# In the market for another multi-tool



## Jezcruzen (Oct 21, 2008)

I have an original Leatherman multi-tool. I've had it for years, in fact. Problem is, I put it away one day and can't remember for the life of me where I put it! (I'm sure none of you do anything like that!)

I carry a Micra in my pants pocket everyday, but think I would like a larger tool. I'm thinking about a Leatherman 'Wave'. Reviews are good. 

Any recommendations?


----------



## ZoomZoom (Dec 18, 2009)

My recommendation would be to buy a good one and keep the receipt. Once you do that, your Leatherman will reappear. If you buy a cheap one or lose the receipt of aforementioned good one, the Leatherman won't reveal itself.

Kidding aside, I don't have a wave, but I have worn out just about every pouch Leatherman's have come in. If possible, go with leather as the nylon doesn't last.


----------



## Jezcruzen (Oct 21, 2008)

bczoom said:


> My recommendation would be to buy a good one and keep the receipt. Once you do that, your Leatherman will reappear. If you buy a cheap one or lose the receipt of aforementioned good one, the Leatherman won't reveal itself.
> 
> Kidding aside, I don't have a wave, but I have worn out just about every pouch Leatherman's have come in. If possible, go with leather as the nylon doesn't last.
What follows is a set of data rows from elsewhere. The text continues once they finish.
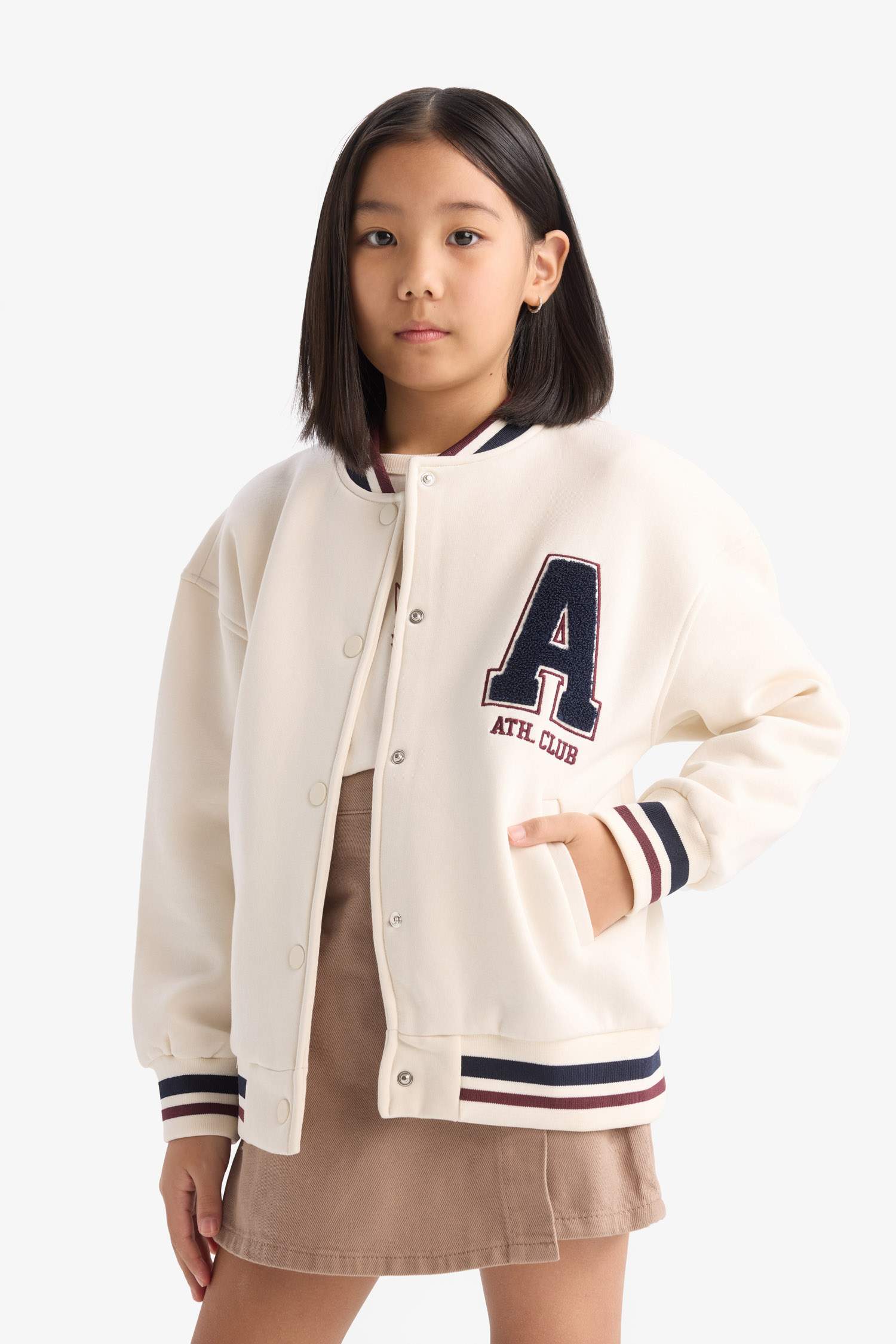 Куртка бомбер детская с воротником колледж и застежкой на кнопки DeFacto
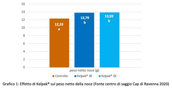 "Tutti gli interventi sono stati fatti con Kelpak® alla dose di 3 l/ha in un volume di 1000 l/ha - illustrano i due tecnici di AlzChem - L’andamento climatico particolarmente favorevole ha garantito un’ottima allegagione in tutte le tesi che non hanno quindi mostrato particolari differenze tra di loro. Ma è alla raccolta che si sono notate le differenze: entrambe le tesi trattate con Kelpak® presentavano infatti un miglioramento sia del peso netto delle noci (Grafico 1) che del peso secco del gheriglio".
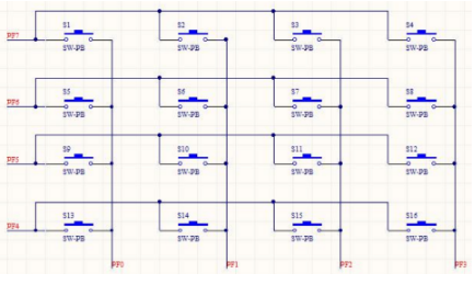 由于使用的是STM32最小核心板,所以可以自由的添加外设。其中4x4按键分别使用了MCU的8个IO口:

My wife, (future wife at the time), once gave me a Buck 110 Folding Hunter for Christmas. I carried it aboard ship in the navy. After getting out I lost it. She replaced it with another one. While moving to another house, I found the old one. I suspect the same thing will happen when I buy another multi-tool just like you said.


----------



## rikinwyoming (Aug 29, 2011)

I have two leatherman wave's... one in my gear, one I carry daily...to be honest I have only ever owned leatherman supertools and waves no I don't know how unbiased my opinion is...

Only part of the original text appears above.